## ACTION ITEM:
The copy should hold only the line containing "Experience the refreshing" and the lines after it through the end of the material, each exact, with no pictures.

Start of SUPPLIED DATA

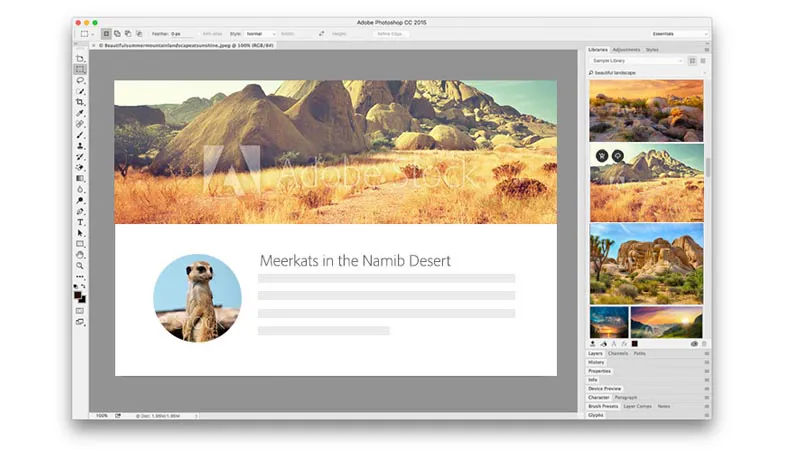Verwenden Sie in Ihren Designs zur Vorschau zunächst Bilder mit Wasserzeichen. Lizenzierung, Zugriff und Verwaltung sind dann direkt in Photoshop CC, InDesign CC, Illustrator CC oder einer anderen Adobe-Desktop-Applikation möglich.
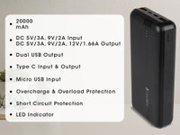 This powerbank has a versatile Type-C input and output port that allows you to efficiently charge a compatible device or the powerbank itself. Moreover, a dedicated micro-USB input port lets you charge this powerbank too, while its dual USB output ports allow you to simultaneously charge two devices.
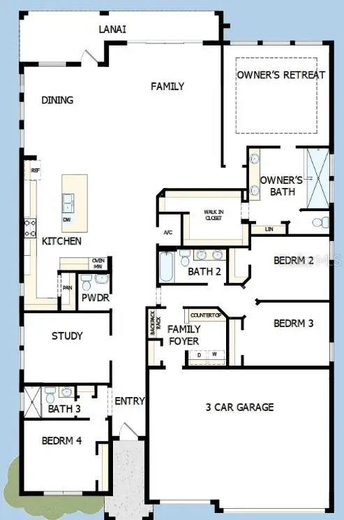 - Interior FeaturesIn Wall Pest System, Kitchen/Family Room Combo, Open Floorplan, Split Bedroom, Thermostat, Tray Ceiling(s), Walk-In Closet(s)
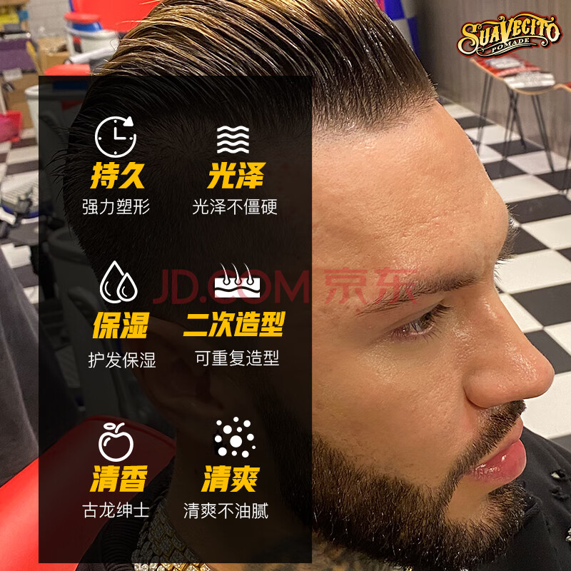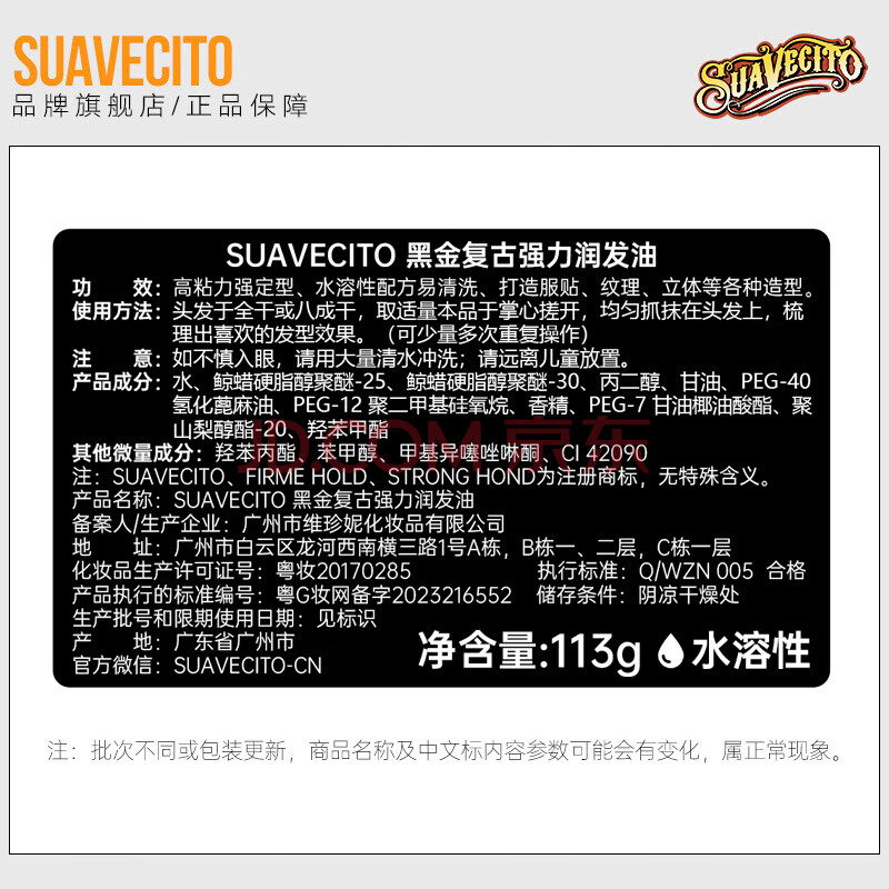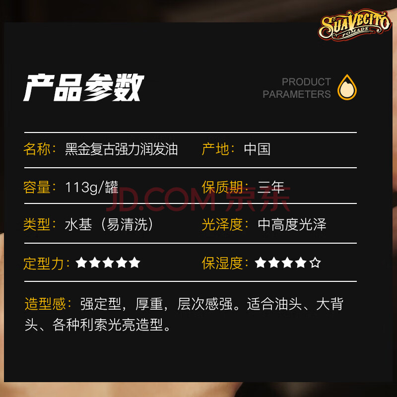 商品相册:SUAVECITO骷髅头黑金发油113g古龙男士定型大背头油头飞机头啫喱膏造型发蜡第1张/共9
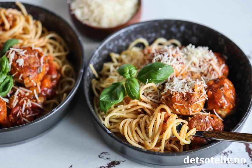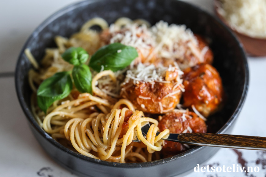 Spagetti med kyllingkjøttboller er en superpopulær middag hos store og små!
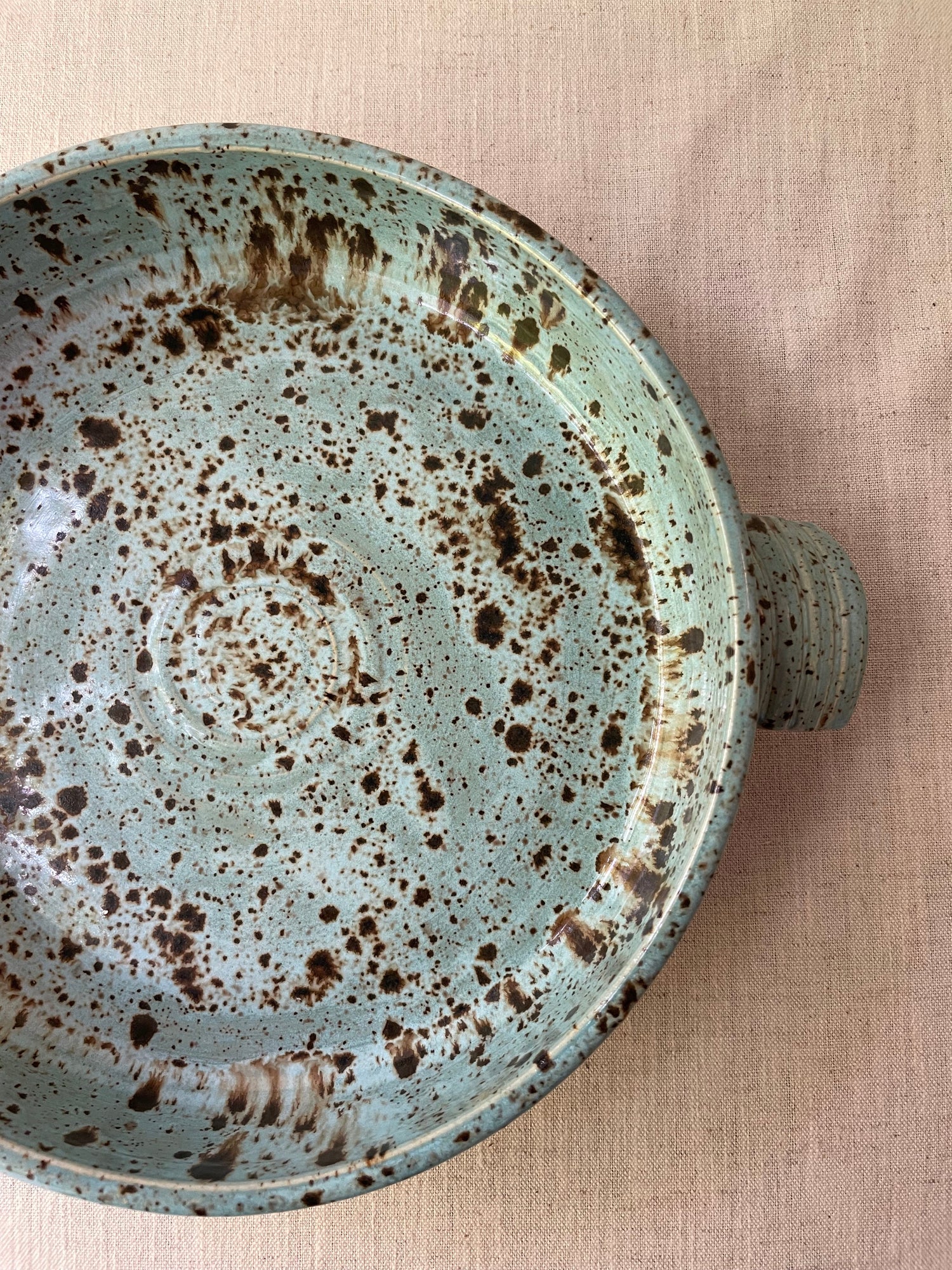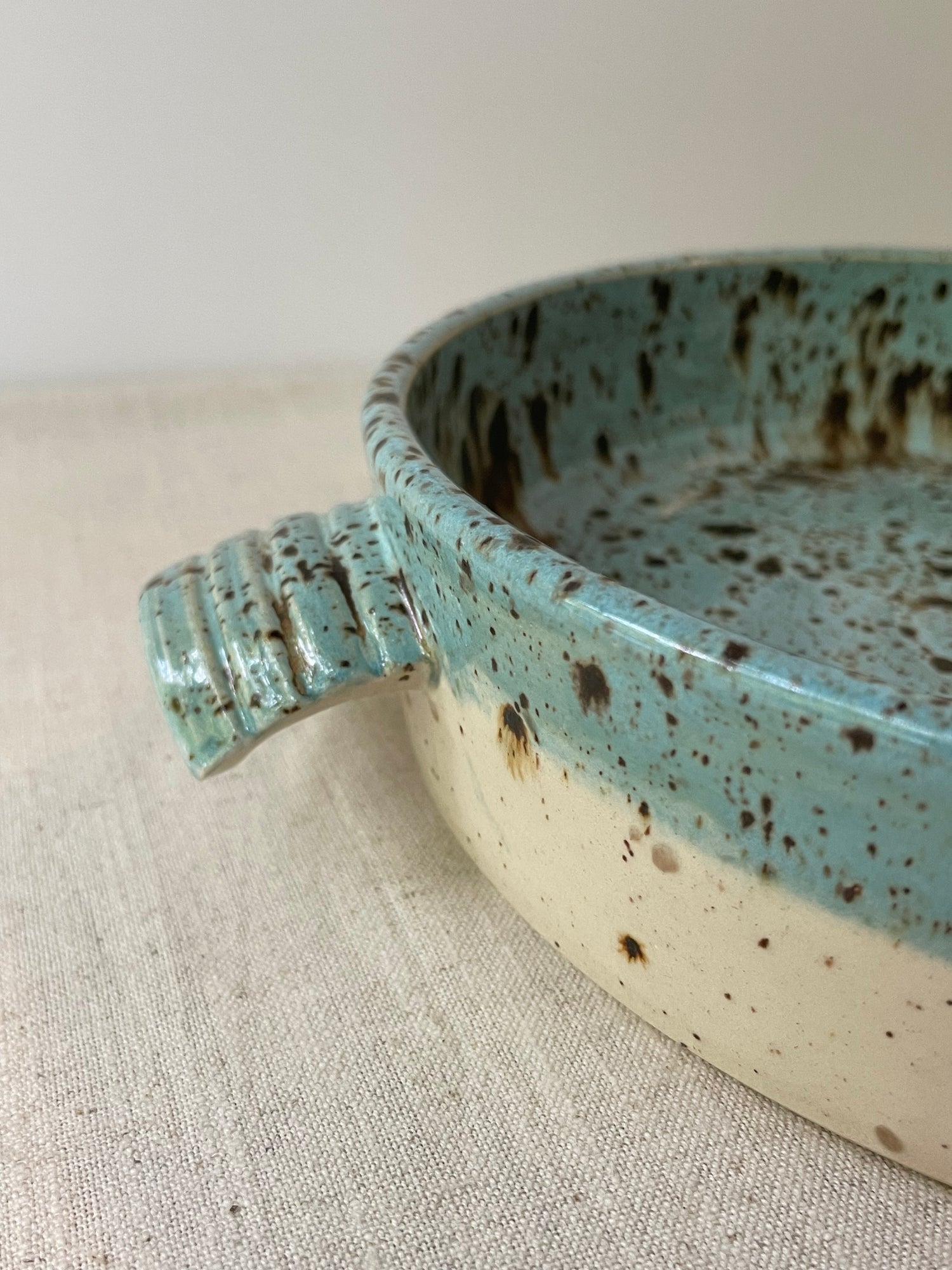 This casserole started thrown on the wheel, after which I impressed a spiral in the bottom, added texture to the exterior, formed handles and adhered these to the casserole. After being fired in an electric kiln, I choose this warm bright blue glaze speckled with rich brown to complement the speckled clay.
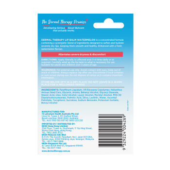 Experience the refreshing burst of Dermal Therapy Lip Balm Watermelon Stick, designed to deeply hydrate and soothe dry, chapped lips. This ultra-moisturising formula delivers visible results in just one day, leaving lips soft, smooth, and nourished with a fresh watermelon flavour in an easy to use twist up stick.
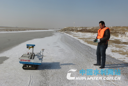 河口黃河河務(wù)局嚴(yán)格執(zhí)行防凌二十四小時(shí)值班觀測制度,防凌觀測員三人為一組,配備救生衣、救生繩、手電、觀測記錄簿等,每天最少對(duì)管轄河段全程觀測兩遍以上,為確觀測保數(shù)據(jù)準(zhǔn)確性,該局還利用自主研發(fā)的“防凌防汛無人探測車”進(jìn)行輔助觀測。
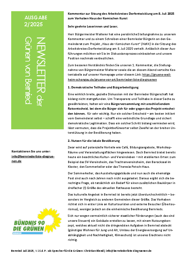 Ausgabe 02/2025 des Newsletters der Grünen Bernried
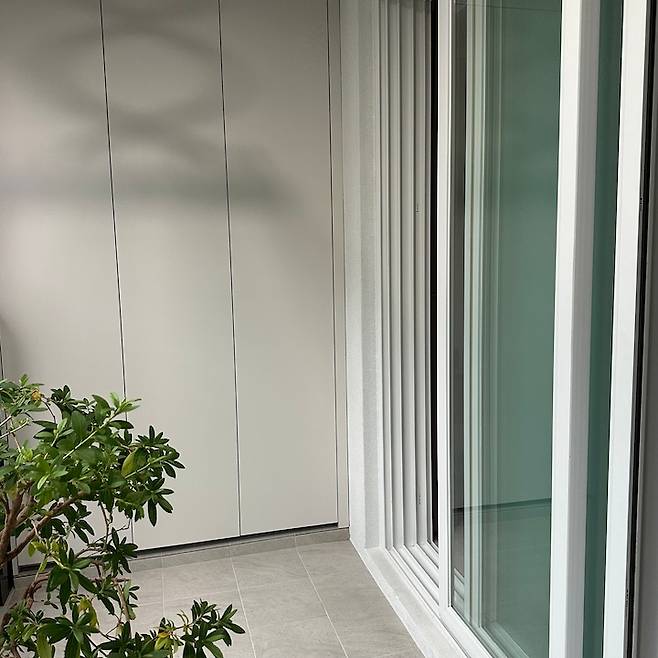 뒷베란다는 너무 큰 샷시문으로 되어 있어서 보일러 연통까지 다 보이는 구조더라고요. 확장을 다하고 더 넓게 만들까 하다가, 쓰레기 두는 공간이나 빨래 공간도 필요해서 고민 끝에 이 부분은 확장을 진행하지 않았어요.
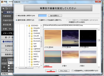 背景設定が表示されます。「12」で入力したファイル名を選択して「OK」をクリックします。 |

End of SUPPLIED DATA

## TASK RESPONSE:
 Experience the refreshing burst of Dermal Therapy Lip Balm Watermelon Stick, designed to deeply hydrate and soothe dry, chapped lips. This ultra-moisturising formula delivers visible results in just one day, leaving lips soft, smooth, and nourished with a fresh watermelon flavour in an easy to use twist up stick.
 河口黃河河務(wù)局嚴(yán)格執(zhí)行防凌二十四小時(shí)值班觀測制度,防凌觀測員三人為一組,配備救生衣、救生繩、手電、觀測記錄簿等,每天最少對(duì)管轄河段全程觀測兩遍以上,為確觀測保數(shù)據(jù)準(zhǔn)確性,該局還利用自主研發(fā)的“防凌防汛無人探測車”進(jìn)行輔助觀測。
 Ausgabe 02/2025 des Newsletters der Grünen Bernried
 뒷베란다는 너무 큰 샷시문으로 되어 있어서 보일러 연통까지 다 보이는 구조더라고요. 확장을 다하고 더 넓게 만들까 하다가, 쓰레기 두는 공간이나 빨래 공간도 필요해서 고민 끝에 이 부분은 확장을 진행하지 않았어요.
 背景設定が表示されます。「12」で入力したファイル名を選択して「OK」をクリックします。 |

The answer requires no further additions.